I turned back to the forms I'd seen above the water, but they had disappeared. I heard voices approaching, the sound of footsteps rustling through the undergrowth and fallen leaves, for it was the beginning of the autumn, from the somewhere across the brook. They sounded young. A couple male voices, and then a few female voices as well. Suddenly they popped into view, coming through the trees, all of them wearing colored vests, looking medieval, that made them stand out like brightly colored birds against the dark and mossy tree trunks. They carried long walking sticks, a bit taller than themselves, which were slightly twisted, not milled, and shiny from much handling.

When they saw me – stunned and perhaps looking dumbfounded with my mouth hanging open in surprise, and motionless as if frozen in the middle of the brook – they called out my name with such joy, I almost fell backwards. They hoisted their sticks in the air in happy salute, and hurried towards me, though the undergrowth made it hard to hurry. I turned for a moment to see if my fairy had some clue for me as to who they were, but she had disappeared. As they approached, though, I could make out that one of the women had her hair in exactly the same messy ponytail, with the same face. It was indeed her, in a different form! I didn't want to appear rude, or unfriendly, so I crossed carefully to their side of the water, and they offered their hands to steady me as I climbed out.

You made it!
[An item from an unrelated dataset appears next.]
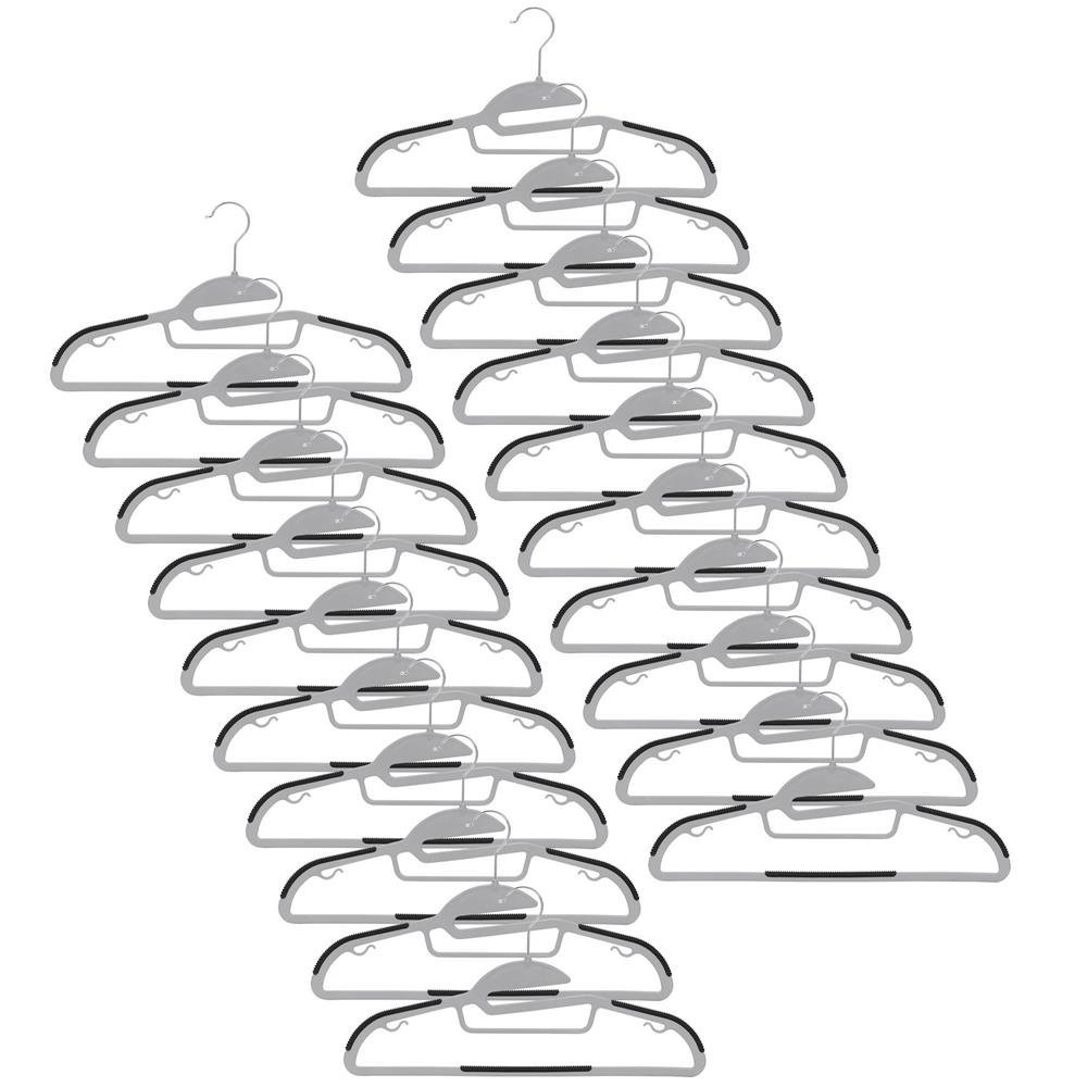 Specification: Set de 20 de umerase antiderapante pentru haine, din PE, cu carlig metalic rotativ, 41 cm, gri si negru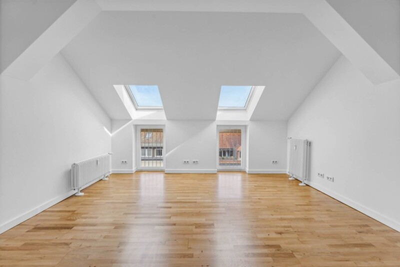 This exquisite 142 m² top-floor apartment is located in one of the most sought-after locations in Berlin-Kreuzberg in the immediate vicinity of Oranienplatz. The apartment is located on the 5th floor of a charming building dating back to 1900 and offers an incomparable panoramic view of the city from its 42 m² sun terrace. The spacious living and dining area impresses with its clever interior design, both rooms merge into one another and yet are separate. There is a large floor-to-ceiling window in the living area, which creates a bright and light-flooded atmosphere. In the hallway, a skylight complements the lighting concept and lets in additional daylight, ensuring a pleasant brightness in all areas of the apartment. The parquet flooring gives the apartment a warm and cozy touch. A special feature of the property is the gallery with direct access to the roof terrace. The gallery creates a bright and airy atmosphere, which further enhances the feeling of living. The bathroom is brightly tiled and has a bathtub, a separate shower and a large window that provides freshness and brightness. You have the option of acquiring another attic apartment and connecting these two apartments. The prerequisites for this have already been created. With a total of 260 m², this will create a spacious living atmosphere. A separate elevator can also be installed on request. This top-floor apartment combines comfort and a spectacular view over the rooftops of Berlin - a real gem in the middle of the vibrant capital. Welcome to your new home in Berlin Kreuzberg. Type of heating: central Main energy source: Natural gas Energy certificate available.

Some were saying. Others put a hand on my shoulder. You haven't changed a bit, one said. Nice work, finding this exact spot of our rendezvous, out of all the moments in the history of the planet, and all the spots on its surface. You are still the master navigator you always were. I was speechless, confused, like someone with amnesia, or a visitor from another planet, and yet somehow deeply relieved. My mind was racing, but my heart felt connected to theirs, and the tears streaming down my cheeks were tears of joy, of being reunited with friends – or perhaps much more than friends – it would take me some time to remember.